Smart Bitches is a safe haven for all of us who cherish our happy endings in fiction (and in real life, when we can get them). But I often find that right around Valentine's Day all the romance is leached from my bones and nothing will do but some heavy cynicism. If, like me, you are all HEA'ed out and you need a drastic change of pace, you might enjoy The Little Book of Heartbreak: Love Gone Wrong Through the Ages, by Meghan Laslocky.
Little Book of Heartbreak is a light, anecdotal look at some of the many ways that love has gone terribly awry through history (mostly Western history). It's cute (but not too cute, and occasionally quite dark) and vastly entertaining. Usually I read non-fiction much more slowly than fiction, but I zipped right through this. It's not laugh out loud funny but on the other hand it's more informative than I had expected.
This is fairly educational stuff, but not hard scholarship. Here's my personal favorite bit of trivia: medieval lovers sent messages to each other on inscribed on wax tablets. They had the tablets delivered by illiterate servants, and after reading them simply smoothed the surfaces clean so no nosy parents could read the notes. Laslocky calls these tablets “Etch A Sketch, Twelfth-Century Style”.
Speaking of Etch A Sketches, there are a lot of comparisons that individually are somewhat entertaining and helpful, but that can get pretty repetitive. For instance, in describing an ancient Greek story about Castor and Pollux (“two mythic hotties”) Laslock says, “The modern equivalent? Robert Pattinson and Taylor Lautner, fresh from a trip to Bangkok, ask to crash at your place for the night, but knowing your daughter's taste for the raunchy boy toys, you suggest they move along. In the morning, you find that your daughter has bolted along with her entire wardrobe yet left behind her Twilight posters as well as her birth control”. This is one of her more labored and lengthy comparisons, but if you find this sort of thing annoying, you might tire of Laslocky's style quickly.
Here's a sampling of some of the topics Laslocky addresses:
- the history of the concept of romantic love in Europe and in China
- arranged marriages in India
- the joy and solace of a good mix tape
- famous broken hearted heroines in nineteenth century literature
- the origin of the painting The Scream
- the science of monogamy
- the multi-cultural appeal of the phrase “heart-break”

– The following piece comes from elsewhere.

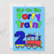Get On The Party Train 2 Year Old birthday party. It features a colourful, cartoon train carrying the number two. Great for a boy or girl's second birthday! Get everyone in the party mood with this colourful, train themed birthday invite.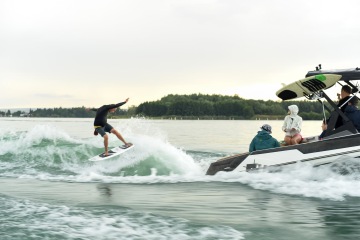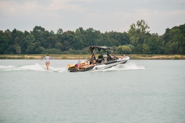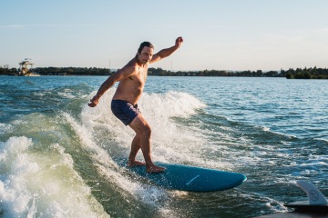 Wakesurfing is riding a surfboard on a wave behind a special boat. We ride behind a Malibu M220 boat that makes a beautiful wave. We surf daily from 8:00 am to 8:00 pm. The boat can accommodate up to 15 people, offering a unique experience not only for individuals, but also for groups of friends or corporate meetings.

and this piece of excellent advice:
“At the risk of having the DEA storm my house, I'll venture that if sitting in the bathtub smoking a joint and listening to “When Doves Cry” on repeat helps you have a genuine, enduring eureka moment that really helps you get somewhere, then you should do it”.
If I may borrow a technique from Laslocky, I'd like to compare her book to a particularly juicy issue of People Magazine. It has parts that will make you laugh and parts that will make you sad, and its historical insights might not stand up to harsh scrutiny, but you'll learn something and you'll be very entertained. This would be the perfect book for me to leaf through after I finished washing all the cookie frosting out of my hair after my daughter's class Valentine's Day party.
Plus, in its own way, the book is oddly romantic. My husband has his quirks, but you know what he has never done? He has never announced that our marriage never actually took place, so that he can marry his business partner's fifteen year old daughter, as did Giovanni di Ser Lodovico della Casa in fifteenth century Florence. But I must admit that I feel a little dissatisfied with my life, knowing that, unlike Lady Jeanne Campbell (one of the many wives of Norman Mailer), I will never be the topic of a rumor like this one: “She was rumored to have moved right on from Norman to have affairs with President John F. Kennedy, Nikita Khrushchev, and Fidel Castro, all between October 1963 and May 1964″.
Clearly, I should have gotten out more in college, even if doing so would have resulted in me saying, like Norris Church (another Mailer wife), “Well, I bought a ticket to the circus, I don't know why I was surprised to see the elephants”.